Given records Block Start

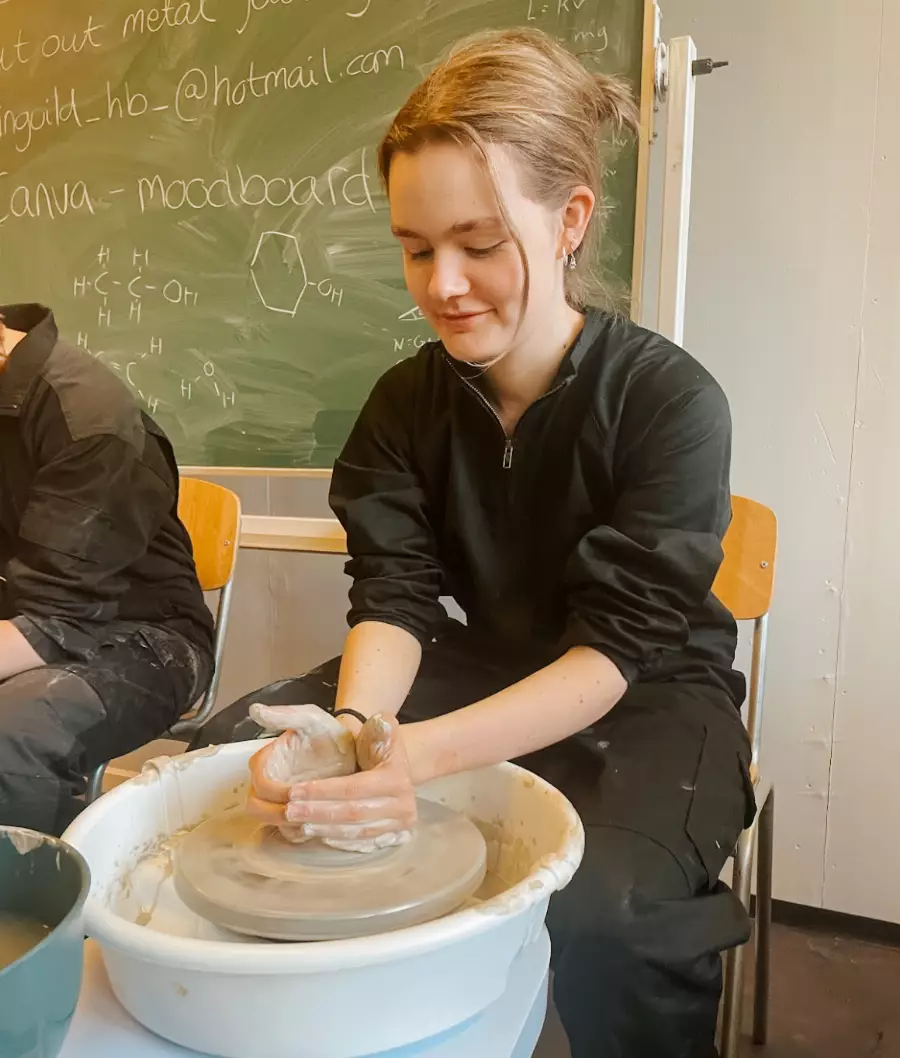 Du lærer både teknikk og materialforståelse, og får mye tid til å jobbe med egne ideer. Mange lager sine egne serviser, gaver til venner eller produkter som stilles ut eller selges.
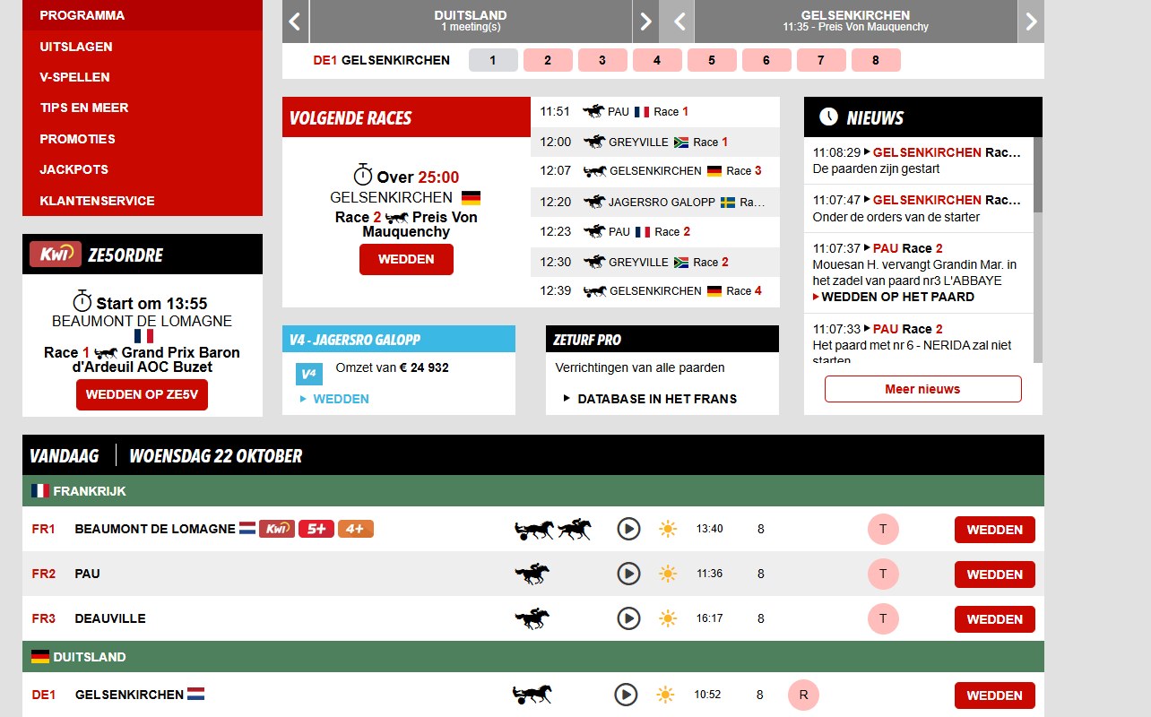 Hieronder vind je de hoofdpagina van ZEturf. Je ziet dat ze meteen paardenraces aanbieden en alle actuele races naar voren laten komen. Dit vind ik goed van de online aanbieder aangezien ze je meteen een beeld geven van de races. Boven in het scherm heb je de mogelijkheid om te switchen van land en plaats. Dit is vooral voor de mensen handig die vooraf al weten op welke race ze willen inzetten. Je kunt hierdoor handig navigeren naar de paardenrace naar wie je opzoek bent. Rechts op de hoofdpagina vind je het kopje "nieuws". Hier worden alle actuele nieuwsberichten geplaatst die je helpen om alle actuele veranderingen te weten over verschillende paardenraces.
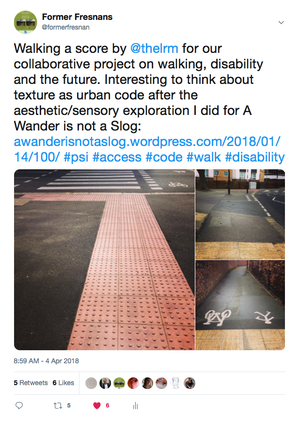 I love the image of you tracing Massey’s marginalia, and the idea of picking up new visions at the bookshop. It was great to actually walk with you, which though we always see each other at walking events, I don’t think we’d had the chance to really do. It made it really clear the different embodied experience you bring to psychogeography, which is so often dominated by the experiences of able-bodied men (myself included!).
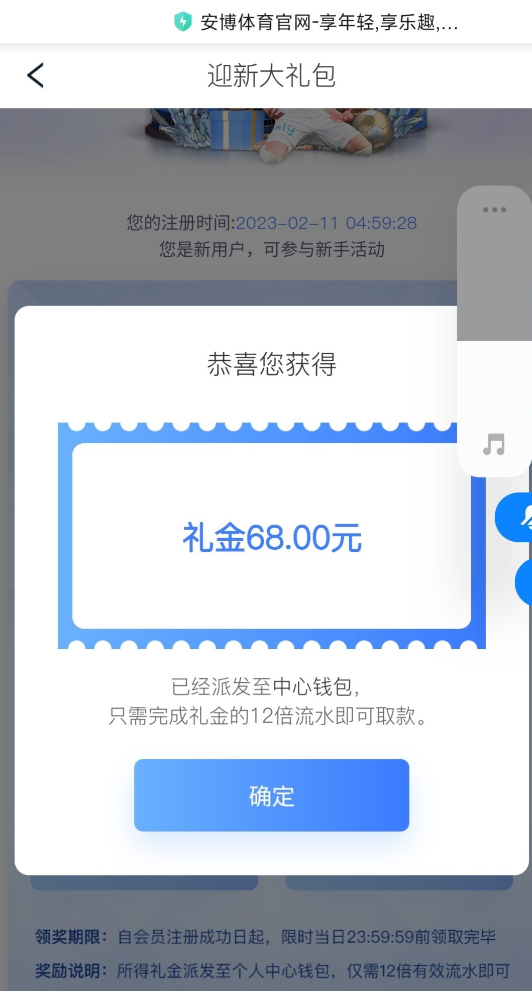 新用户注册优惠里面新人活动绑定手机号绑卡秒领18彩金/100提现具体自测,切记勿充值。
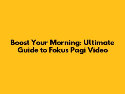 Boost Your Morning: Ultimate Guide To Fokus Pagi Video
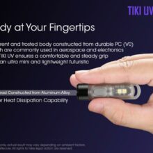 – svietidlo na kľúče s UV a bielym rozptylovým svetlom. LED Luminus SST-10-UV s maximálnym výkonom 1000 mW. – Vstavaná nabijacia 130 mAh Li-ion batéria umožňuje maximálnu dobu prevádzky až do 2 hodín.- Integrovaný inteligentný nabíjací obvod pre Li-ion batériu so vstavaným micro USB-C konektorom.- Jeden multifunkčný prepínač na ovládanie všetkých funkcií.
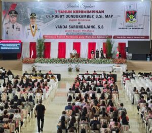 OborSulut.com,Tondano – Pemerintah Kabupaten (Pemkab) Minahasa menggelar ibadah syukur memperingati genap satu tahun masa kepemimpinan Bupati Robby Dondokambey (RD) dan Wakil Bupati Vanda Sarundajang (VaSung).
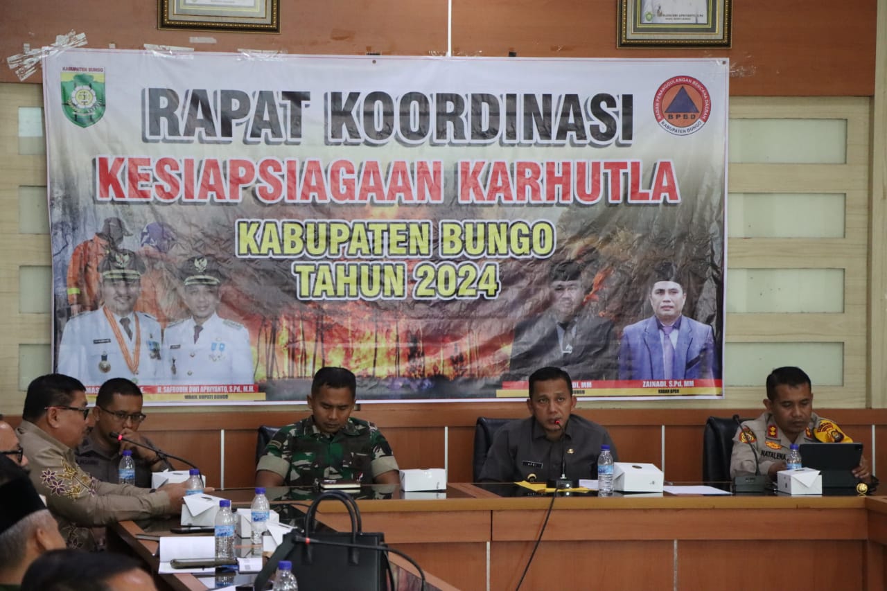Kegiatan Rakor Karhutla tersebut dipimpin Wakil Bupati Bungo H. Safrudin Dwi Aprianto, S. Pd, M.M, yang didampingi oleh Kapolres Bungo AKBP Natalena Eko Cahyono, Dandim 0416 Bute Letkol Info Arief Widyanto SE,M.Han serta dihadiri Oleh Ketua Pengadilan Negeri Muara Bungo Bayu Agung Kurniawan SH, Perwakilan Kajari Muara Bungo, Sekda Kab. Bungo Drs. Mursidi, Asisten I Setda Kab. Bungo Ana Lukita, Kabag Ops Polres Bungo Kompol H. Darmawan SH, Kasat Intelkam AKP Tarjono SH.,MH, Danramil Muara Bungo Kapten Abasri, Kaban BPBD Kesbangpol Zainadi, Kepala OPD Kab. Bungo, Para Camat Se Kab. Bungo.
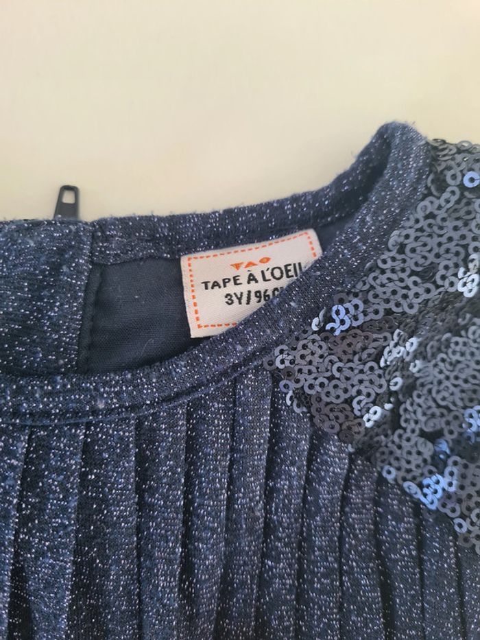 Robe de fête - Tape à l'oeil - 3 ans Bleu marine a sequins et paillettes Zip invisible au dos TAO
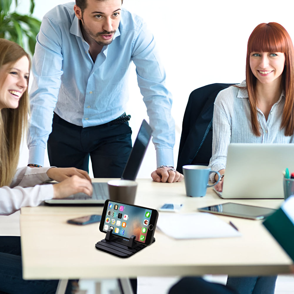 Antypoślizgowy uchwyt samochodowy pomaga utrzymać stabilną pozycję telefonu podczas jazdy, ułatwia korzystanie z GPS oraz poprawia widoczność ekranu. Konstrukcja z miękkiego silikonu pozwala ustawić telefon pod odpowiednim kątem zarówno w aucie, jak i poza nim. Dzięki funkcjonalnej podstawie uchwyt sprawdza się podczas oglądania filmów lub korzystania z aplikacji.
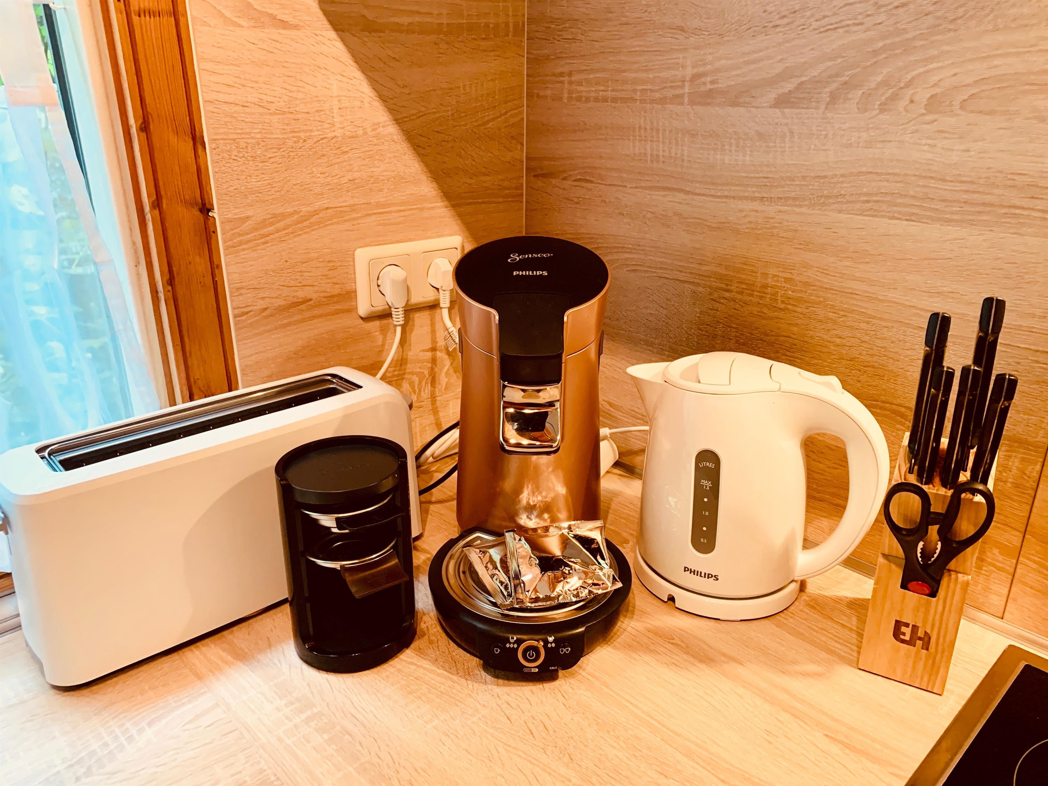 Die zum Wohnraum offene und neue Küche verfügt u.a. über einen Backofen und Ceranfeld, einen Kühlschrank mit Gefrierfach, Mikrowelle, Toaster, Wasserkocher und viele weitere wichtige Utensilien.
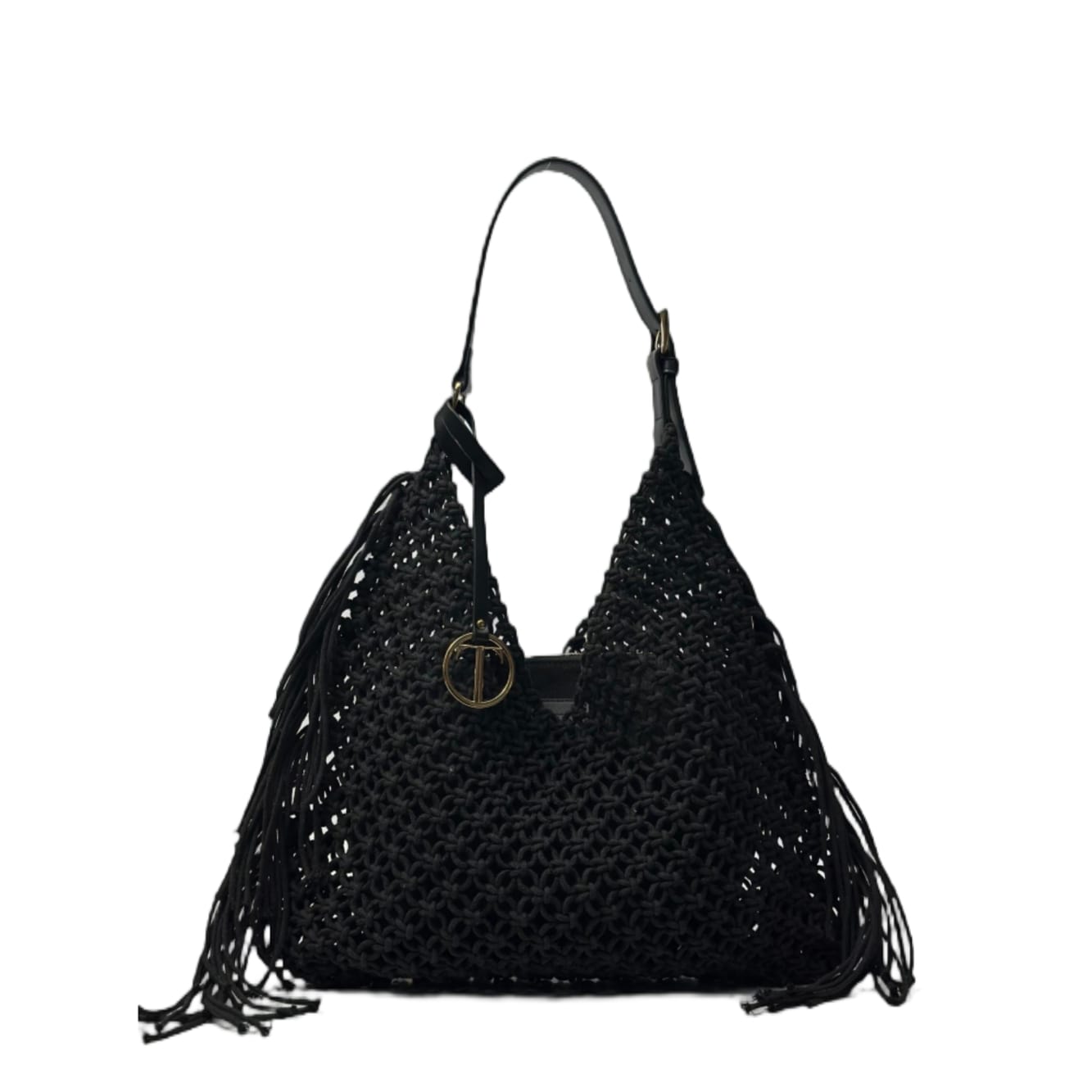 Borsa a spalla intrecciata con frange.

Given records Block End

* [Goal of the exercise]: Please leave out the pictures as you reproduce the lines exactly, from the first line of the entries through the line containing "OborSulut.com,Tondano – Pemerintah".

* [Response]:
 Du lærer både teknikk og materialforståelse, og får mye tid til å jobbe med egne ideer. Mange lager sine egne serviser, gaver til venner eller produkter som stilles ut eller selges.
 Hieronder vind je de hoofdpagina van ZEturf. Je ziet dat ze meteen paardenraces aanbieden en alle actuele races naar voren laten komen. Dit vind ik goed van de online aanbieder aangezien ze je meteen een beeld geven van de races. Boven in het scherm heb je de mogelijkheid om te switchen van land en plaats. Dit is vooral voor de mensen handig die vooraf al weten op welke race ze willen inzetten. Je kunt hierdoor handig navigeren naar de paardenrace naar wie je opzoek bent. Rechts op de hoofdpagina vind je het kopje "nieuws". Hier worden alle actuele nieuwsberichten geplaatst die je helpen om alle actuele veranderingen te weten over verschillende paardenraces.
 I love the image of you tracing Massey’s marginalia, and the idea of picking up new visions at the bookshop. It was great to actually walk with you, which though we always see each other at walking events, I don’t think we’d had the chance to really do. It made it really clear the different embodied experience you bring to psychogeography, which is so often dominated by the experiences of able-bodied men (myself included!).
 新用户注册优惠里面新人活动绑定手机号绑卡秒领18彩金/100提现具体自测,切记勿充值。
 Boost Your Morning: Ultimate Guide To Fokus Pagi Video
 – svietidlo na kľúče s UV a bielym rozptylovým svetlom. LED Luminus SST-10-UV s maximálnym výkonom 1000 mW. – Vstavaná nabijacia 130 mAh Li-ion batéria umožňuje maximálnu dobu prevádzky až do 2 hodín.- Integrovaný inteligentný nabíjací obvod pre Li-ion batériu so vstavaným micro USB-C konektorom.- Jeden multifunkčný prepínač na ovládanie všetkých funkcií.
 OborSulut.com,Tondano – Pemerintah Kabupaten (Pemkab) Minahasa menggelar ibadah syukur memperingati genap satu tahun masa kepemimpinan Bupati Robby Dondokambey (RD) dan Wakil Bupati Vanda Sarundajang (VaSung).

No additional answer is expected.